Now, at 20 years old, Parsons directs this feature-length film starring award-winning actors. To me, whether Backrooms is the perfect film or not (it's not) is besides the point. The fact that a young guy not old enough to drink legally created such a viral phenomenon and then directed a movie that is making more money at the box office than the Mandalorian and Grogu film is an achievement beyond most people's wildest dreams. 

What is even more astonishing is that Kane is good at directing! The directing and set design of Backrooms are the movie's strengths. The film takes place in 1990. Chiwetel Ejiofor plays Clark, the owner of a furniture store who is also currently living in that store since his wife kicked him out of their house. The only humans Clark has any regular contact with are his employees, Kat (Lukita Maxwell) and Bobby (Finn Bennett), as well as his therapist, Mary (Renate Reinsve).

One night while fiddling with the store's breaker box, Clark sees a light shining through what should be a solid wall in the store's basement. When he goes to put his ear against the wall, he literally falls through it and into what looks like a massive, abandoned office building. He begins exploring and discovers room after room after room--some completely empty, some with random furniture or detritus. There are tiny doors to crawl through and doors on the ceiling. There's also the sense that someone--or something--is following Clark.

Clark tries to explain this to Mary, who understandably is confused and thinks Clark is suffering from alcoholic delusions. Clark then recruits Kat and Bobby to explore the space, bringing a camcorder and rope in case they have to scale a drop. Things go sideways almost immediately.

After Clark leaves a cryptic message for Mary, she goes to the store and sees the outline of tape indicating the "door" to the Backrooms. When she walks through it, she is astonished to see that Clark wasn't lying or delusional. 

This is where the movie became not so great. The film's weak points (in my opinion) are the script and the pacing. The movie tries to explain what the Backrooms are and add a layer of emotional meaning on top. Basically, the Backrooms are memories. Or rather "the space remembering things". This is why everything is just a little wrong--because memories are never crystal clear; they're always a little off and a little faded. But how the Backrooms came to be is never explained (which is a good thing!). 

There is a message layered on top of the mystery which is essentially: we get stuck in the Backrooms when we refuse to change.

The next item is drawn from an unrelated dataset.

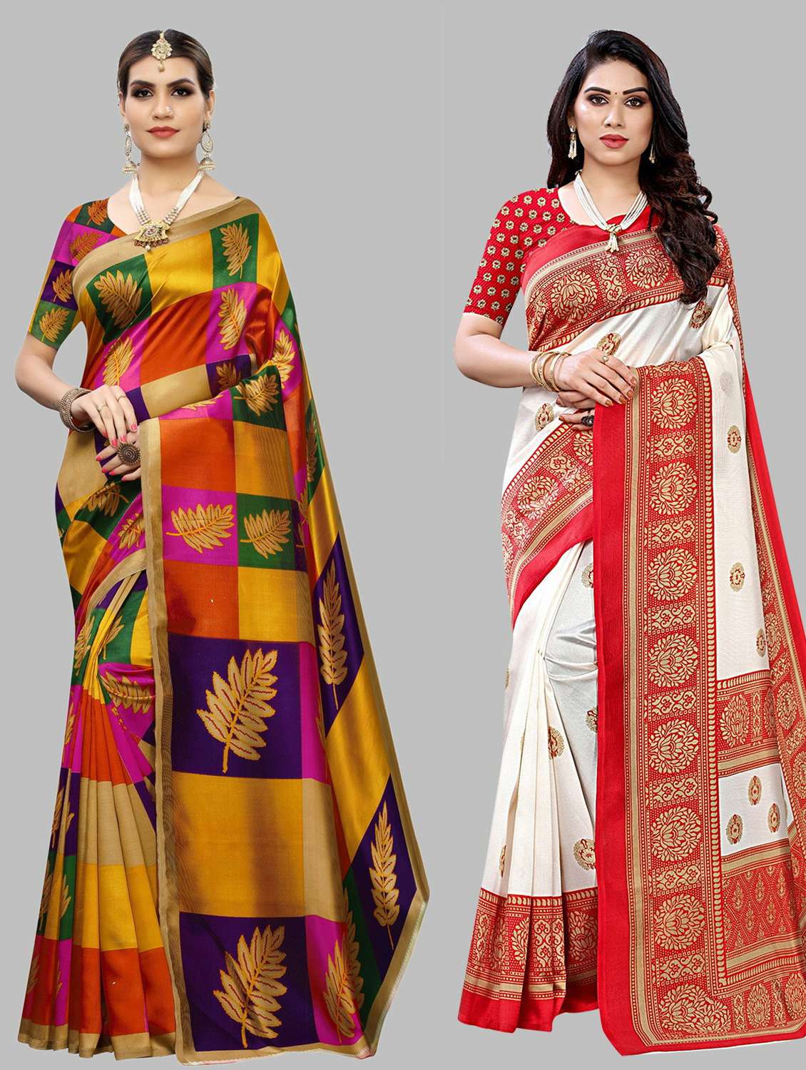 - » pack of 2 multi colored printed saree with blouse

Clark decides he has never felt more "right" in the Backrooms. Because he doesn't want to change. He doesn't want to consider how he contributed to his divorce or his failed career. He wants to live in faded memories. And being unwilling to escape the "loops" of his life seals Clark's fate.

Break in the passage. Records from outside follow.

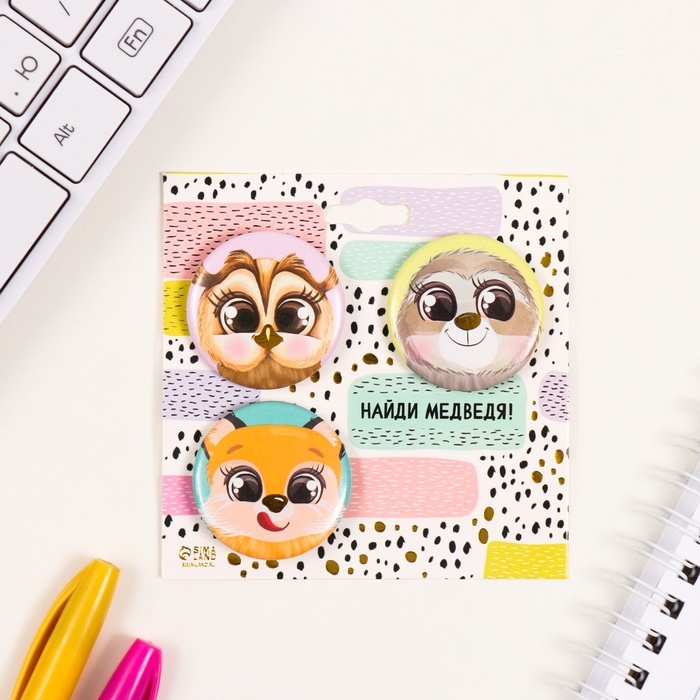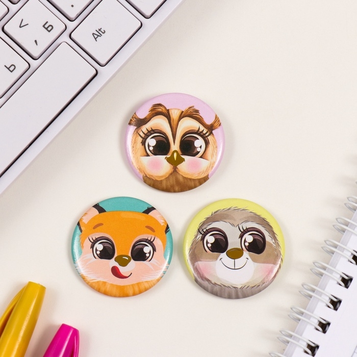 Значки закатные набор 3 шт d=35 мм "Милые зверушки" с тиснением 9х9 см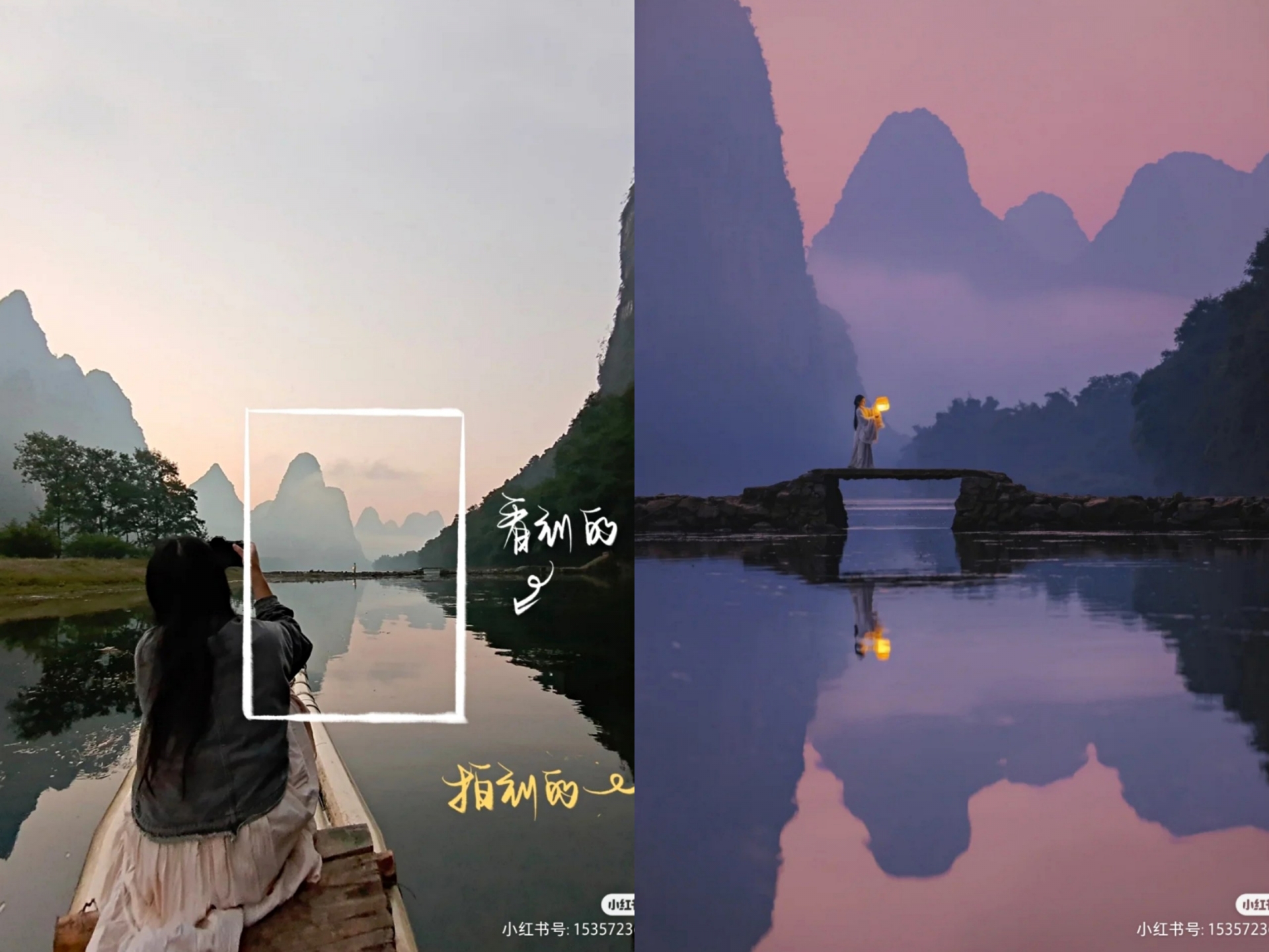 Tới Quế Lâm - một trong những địa điểm chụp bộ ảnh, không phải lúc nào thời tiết cũng sáng trong thích hợp. Họ đã phải chờ nhiều ngày mưa bụi mịt mù, lại tiếp tục khảo sát vị trí, thuê thuyền vv… mới có thể chụp được bộ ảnh hoàn chỉnh.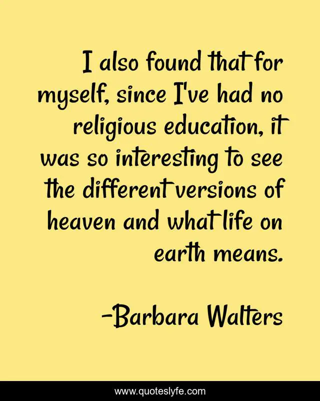This page presents the quote "I also found that for myself, since I've had no religious education, it was so interesting to see the different versions of heaven and what life on earth means.". Author of this quote is Barbara Walters. This quote is about earth, life, myself,.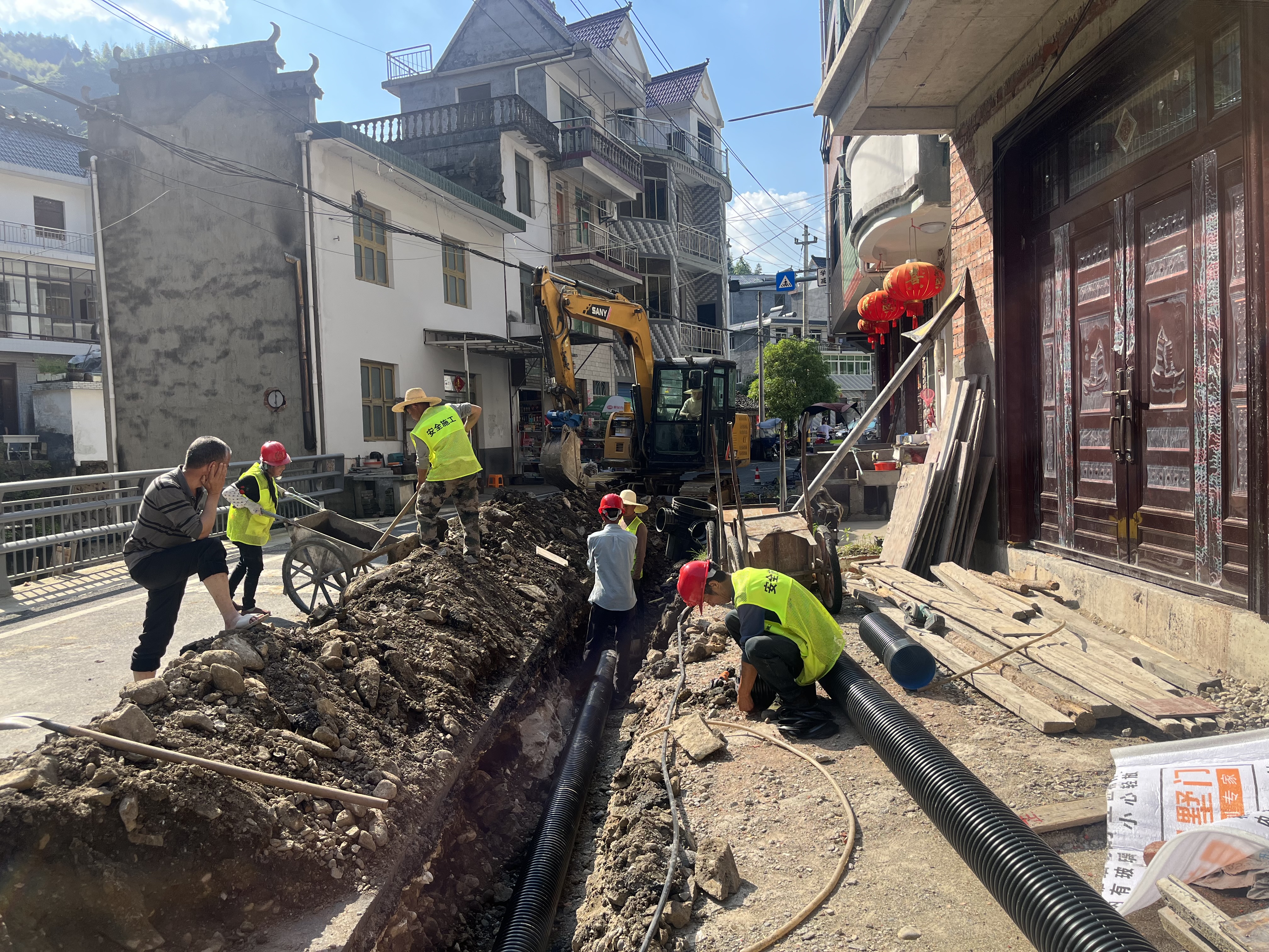 在徐家村上下徐生活污水治理施工现场,工人们正在忙碌着铺设污水管网。该项目为2024年新安江-千岛湖流域生态补偿试点项目,预计2024年7月投入使用,在进一步改善水环境质量的同时,将解决100余户群众污水排放问题,全乡污水治理率也将达60%以上。

But we really didn't need this. I would get rid of all the scenes trying to make meaning of the Backrooms for more scenes of actually exploring the Backrooms. I would have preferred a slower build of dread. We have three scenes in the Backrooms (even though each one is lengthy): Clark's initial discovery and explorations; Clark returning with Kat and Bobby; and Mary's discovery. In each of these sequences, more and more is revealed and there are some goosebump-inducing moments, such as when Bobby enters a room, looks up, and sees a hallway running vertically, like some fucked up MC Escher painting. I wanted more of this and less therapy speak.

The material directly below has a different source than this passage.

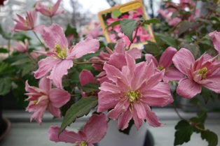 モンタナ・ブロウトンスターという品種です。一重や八重や半八重や気まぐれな咲き方をしておられます。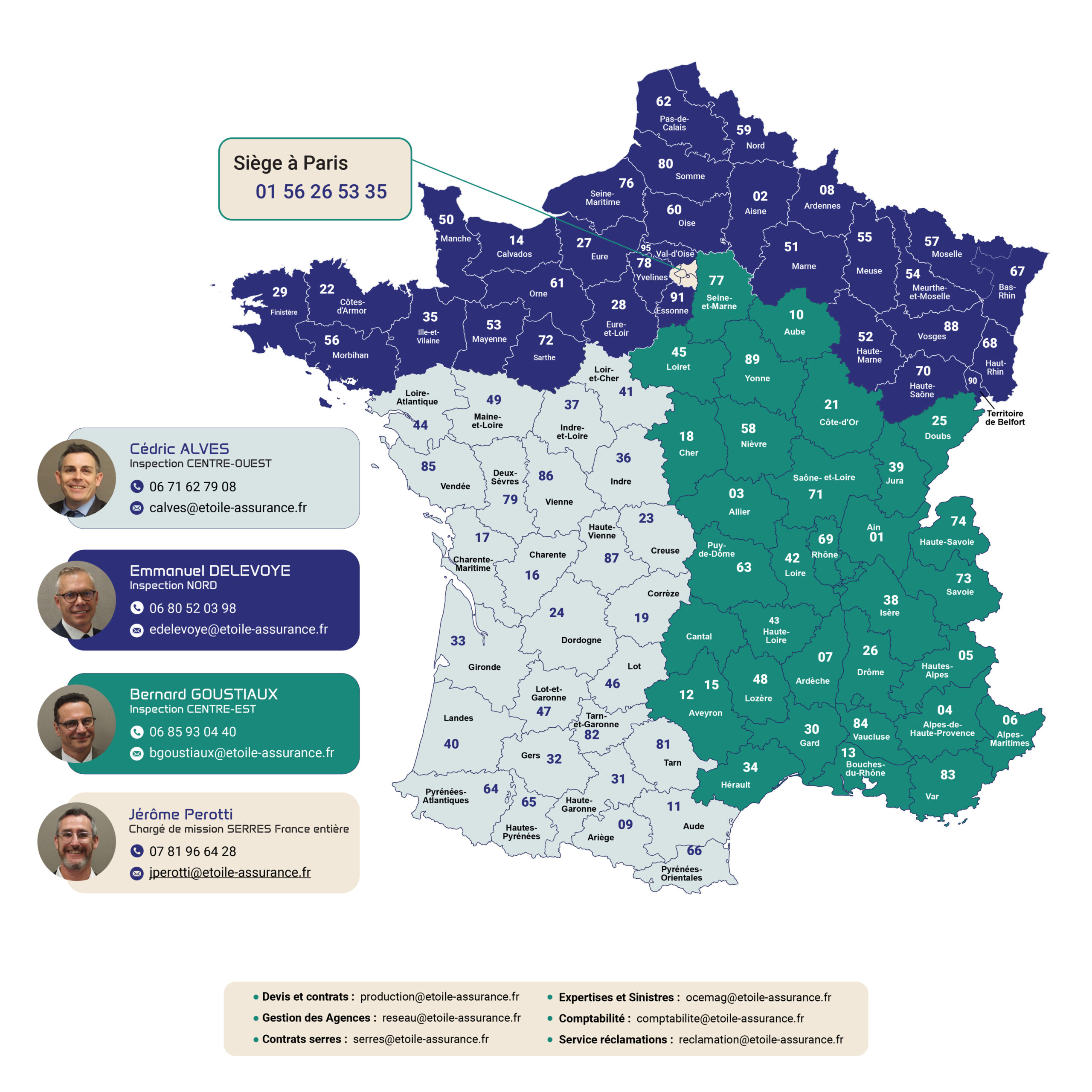 L’ETOILE pratique une politique de proximité, entretenue par des Inspecteurs régionaux responsables sur le terrain du bon fonctionnement commercial, technique et administratif, en liaison permanente avec la Direction générale.

That said, Backrooms is a very unique horror film with a set design and cinematography that is unlike anything I've seen before. Even the scenes not shot on grainy videotape *feel* very 1990s. And the design of the Backrooms is the stuff of actual nightmares. 

For all its flaws, Backrooms is worth seeing. The film is crushing it at the box office, especially given its modest budget. It's making people want to go to the movies and see it on a big screen. It's always exciting to see a new voice in horror, especially a guy so young. I'm excited to see what he'll do next.